Diabetes Research Center, Nursing and Midwifery School, Ahvaz Jundishapur University of Medical Sciences, Ahvaz, IR Iran
Chronic Disease Care Research Center, Department of Nursing, Nursing and Midwifery School, Ahvaz Jundishapur University of Medical Sciences, Ahvaz, IR Iran

how to cite: Heydarpour P, Fayazi S, Haghighi S. Resistance Training Effect on Lipid Profile and Body Fat Percentage of Premenopausal Women. Jundishapur J Chronic Dis Care. 2015;4(2):e28339.



Obesity and lipid profile are major risk factors for noncommunicable diseases, especially cardiovascular diseases and diabetes. In this regard, improving indicators of abdominal obesity and lipid profiles is necessary.


The purpose of this study was to investigate the effects of endurance exercise on abdominal obesity and lipid profile in premenopausal women living in Mahshahr City, Iran.

Patients and Methods:

This study was a randomly and controlled clinical trial. For this purpose, 40 obese women (age range, 38-52 years) with Body Mass Index (BMI) of 28.8 to 30.6 kg/m2 were assigned to either a non-exercising control group or a resistance exercise training group. The resistance exercise training group took part in supervised 45-to 50-minute resistance training sessions, 3 times per week on nonconsecutive days for 10 weeks. The control group did not take part in any structured physical activity.


Two-way analysis of variance with t test and student t test measures showed significant (P < 0.05) increase in the strength level in the exercise group. There were significant (P < 0.05) decreases in total cholesterol and body fat percentage (P < 0.05), but we found no significant difference in triglycerides (high density lipoprotein and low density lipoprotein) between two groups.


These findings suggest that resistance training has a favorable effect on total cholesterol and body fat percentage in premenopausal women, but has no significant effect on others the lipid profiles. The participants were followed just for 10 weeks, further studies with longer duration are recommended.

1. Background

The prevalence of cardiac risk factors among women has increased in the past decade. Obesity and diabetes rates are increasing and show a marked variation by race or ethnicity. According to 2006 statistics from the Centers for Disease Control (CDC), 31.3% of white women and 53.2% of black women are obese (1). Noncommunicable diseases frequently cause death over prolonged periods after initial diagnosis, and require extensive and expensive treatments. Physical inactivity has direct effect on the development of noncommunicable chronic diseases (2). Prospective epidemiological studies have shown that obesity and abdominal obesity are closely related to dyslipidemia and obese or overweight person mostly show lipid disorders. Increased blood levels of cholesterol and triglycerides are recognized as risk factors for cardiovascular diseases. However, the level of HDL (high density lipoprotein) can be considered as a protective measure against the disease (3).

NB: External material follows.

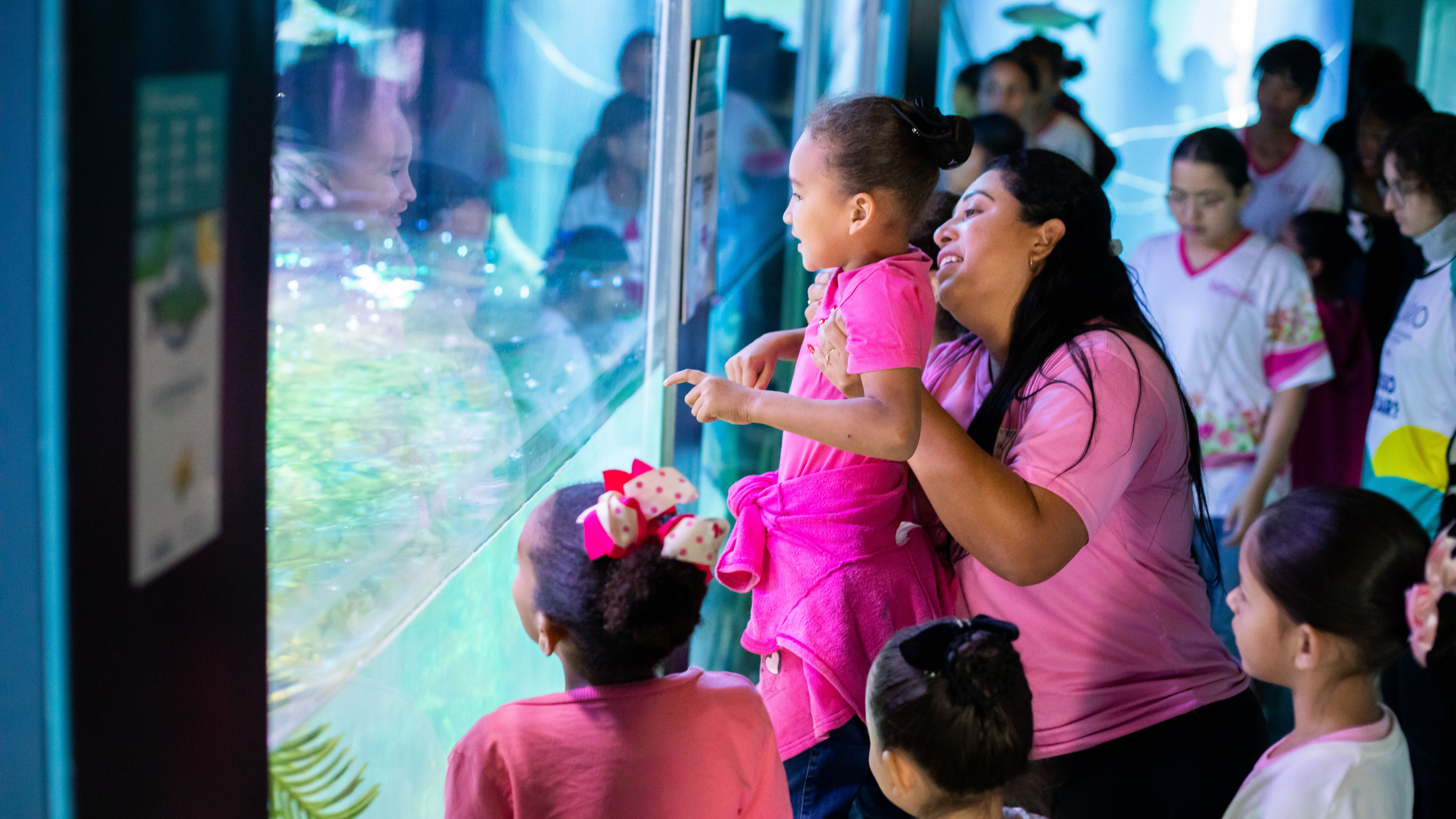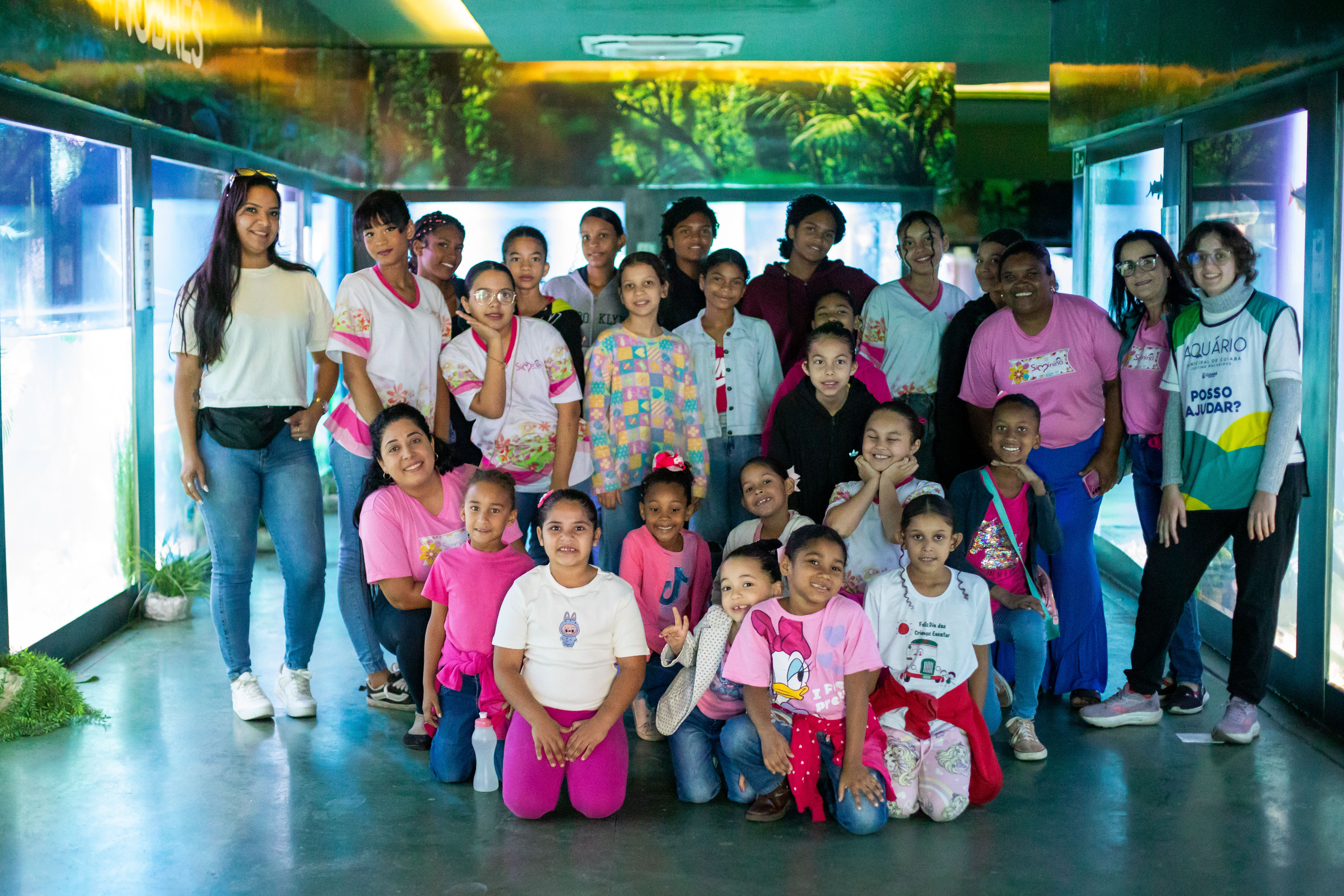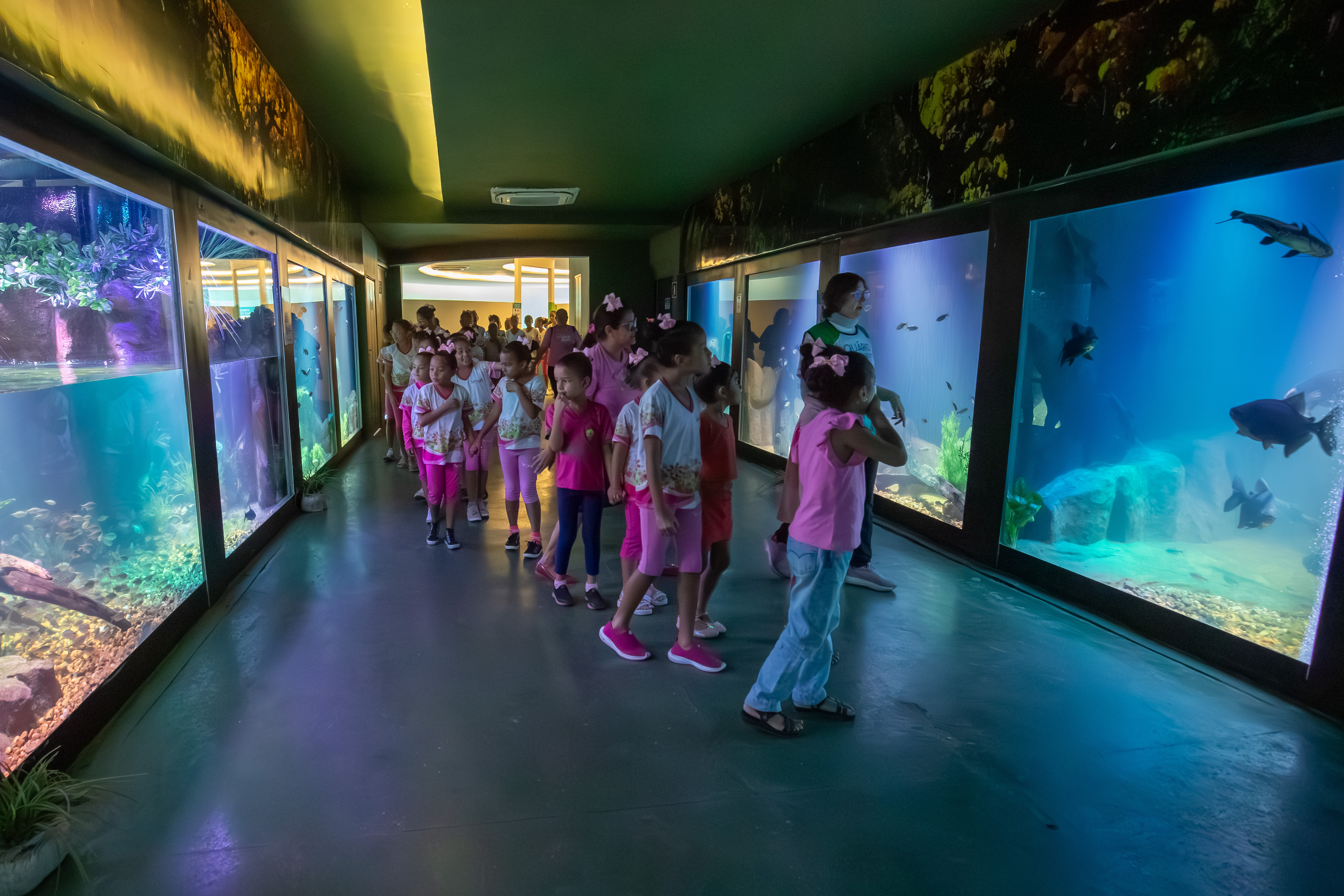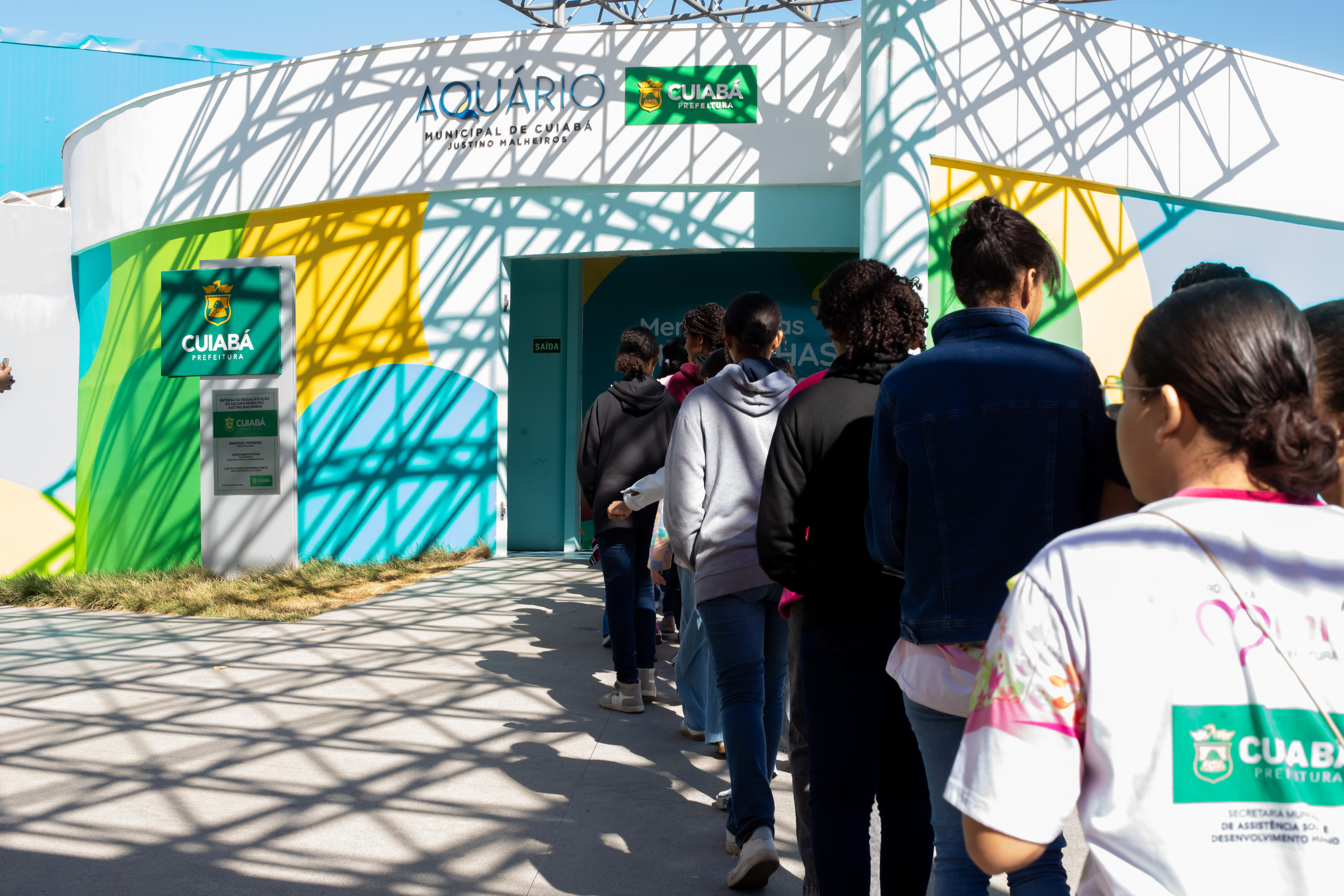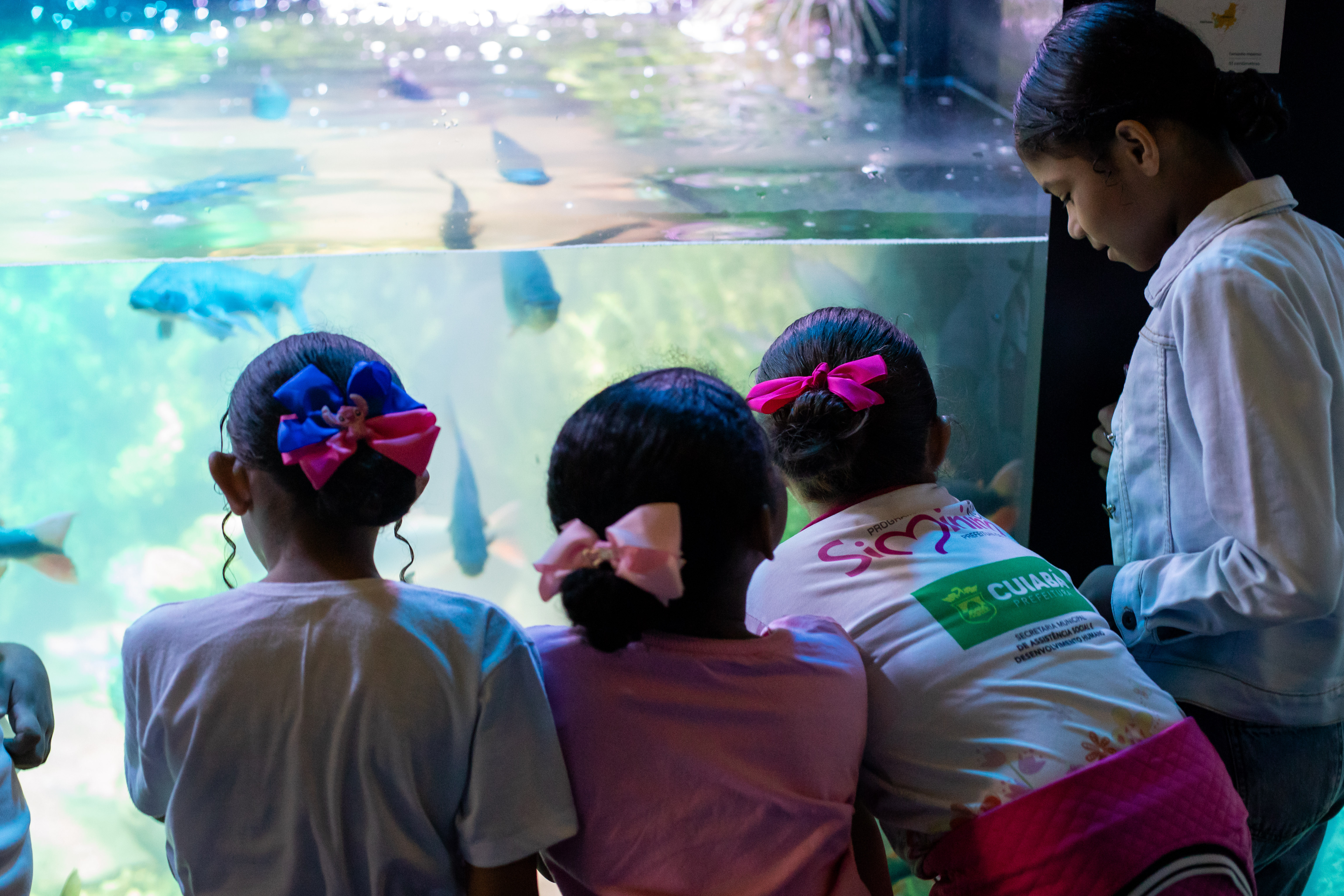 Mais de 200 meninas atendidas pelas unidades do Programa Siminina dos bairros Carumbé e Primeiro de Março, em Cuiabá, participaram, nesta quarta-feira (13), nos períodos matutino e vespertino, de uma visita especial ao Aquário Municipal Justino Malheiros. O espaço disponibiliza aos visitantes mais de 600 peixes, distribuídos em aproximadamente 22 espécies, organizadas em três biomas: Amazônia, Pantanal e Cerrado.

Obesity in general and abdominal obesity in particular are associated with lipids disorder due to risk factors of noncommunicable diseases, which is another major risk factor in women (4). In 2008, more than 1.4 billion adults, 20 years and older, were overweight, of these nearly 300 million women were obese (5). Many studies show that the metabolic complications of obesity are rising not only in developed countries but also in developing countries (6). In fact, obesity can be presented as (new world syndrome) the greatest health problem in the modern industrial world (7). American women (mainly premenopausal women) typically gain 0.5-1 kg yearly (8, 9). Such weight gain, mainly in terms of fat gain (10-12), leads to an increased prevalence of unhealthy weight and obesity in old age (12). Excess adiposity, particularly excess abdominal fat, has been shown to increase the risk of morbidity caused by a number of health conditions, including cardiovascular diseases and type 2 diabetes (13). Abdominal obesity was present in 43.4% of women, 9.7% of men, 28.5% of the urban residents, and 23% of the rural residents. A study in Iran has shown that abdominal obesity was present in 43.4% of women and 9.7% of men. Also, 48% of adults are overweight or obese and 43.3% have abdominal obesity. Abdominal obesity is more common in 45-years adults and older (14). The prevalence of abdominal obesity in Iranian men and women are 63% and 84%, respectively (15).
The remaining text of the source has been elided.